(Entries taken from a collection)
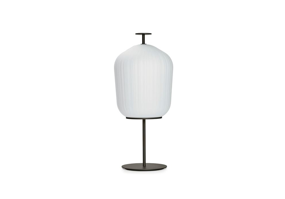 Plissée conçue par Sebastian Herkner pour ClassiCon est un lampadaire doté d'une structure en aluminium. Abat-jour en verre opale satiné blanc soufflé bouche à la surface plissée. Interrupteur poussoir intégré dans la partie supérieure de la structure. Patins en feutre noir.
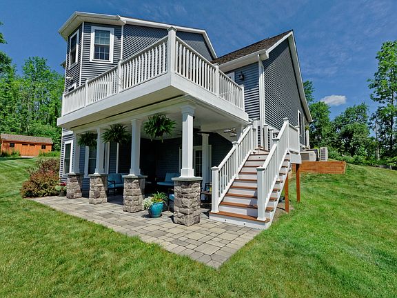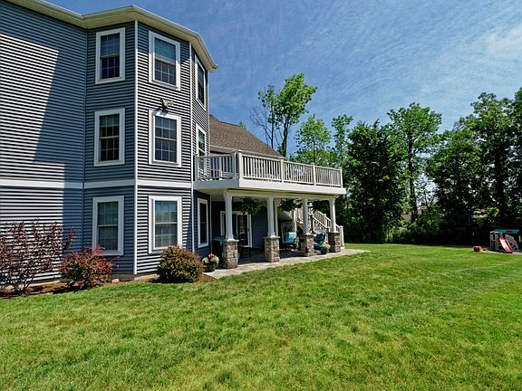 This bright, beautiful custom built home has all the features of luxury living. Presenting a spacious open floor plan, gleaming hardwood floors, living room w/gas fireplace, granite kitchen, large dining space leading to the deck w/retractable awning. Walkout basement offers a large family room and leads out to the covered, paver patio. Upstairs find the master suite offering a large walk-in closet, plus 3 additional bedrooms. Radiant heating, central vacuum, direct vent boiler among long list of amenities.
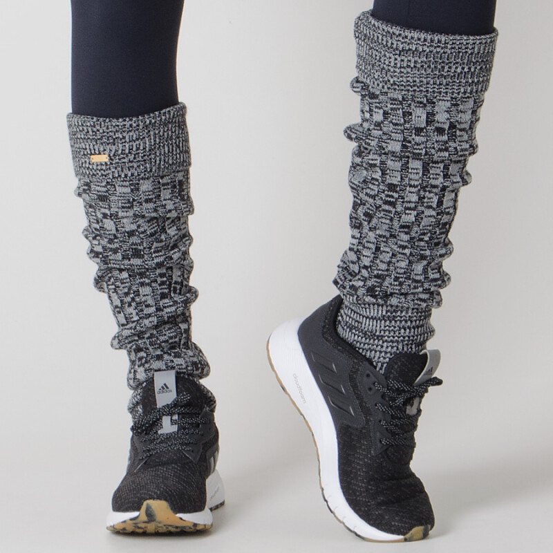 Medidas da modelo Jaqueline que usa a Polaina Live Dancer na cor: Cinza/Preto
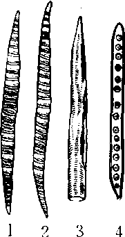 管胞的主要纹式类型 1. 环纹管胞 2. 螺纹管胞 3. 梯纹管胞 4. 孔纹管胞 |
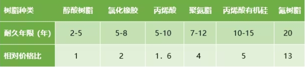 油脂≤酚醛≤醇酸樹脂≤氯化橡膠系≤丙烯酸系≤聚氨脂系≤丙烯酸有機(jī)硅≤氟樹脂類
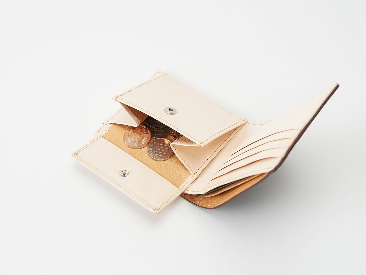 以前こちらのお店で長財布を購入し、愛用していました。とても使い勝手が良く、デザインも気に入って大満足でした。 最近はスマホ決済も増えたので、もう少しコンパクトな財布にしたいと思い、こちらの二つ折り財布を購入。ちょうどいい大きさで見た目も可愛い。皮の質感や色も素敵です。 これからの皮のエイジングを楽しみに、大切に使っていこうと思います。

**EXERCISE DIRECTIONS**
Would you print, exactly as they appear, the lines from the line with "油脂≤酚醛≤醇酸樹脂≤氯化橡" through the end of the entries above, leaving out the pictures?

**RESPONSE FOR THIS EXERCISE**
 油脂≤酚醛≤醇酸樹脂≤氯化橡膠系≤丙烯酸系≤聚氨脂系≤丙烯酸有機(jī)硅≤氟樹脂類
 以前こちらのお店で長財布を購入し、愛用していました。とても使い勝手が良く、デザインも気に入って大満足でした。 最近はスマホ決済も増えたので、もう少しコンパクトな財布にしたいと思い、こちらの二つ折り財布を購入。ちょうどいい大きさで見た目も可愛い。皮の質感や色も素敵です。 これからの皮のエイジングを楽しみに、大切に使っていこうと思います。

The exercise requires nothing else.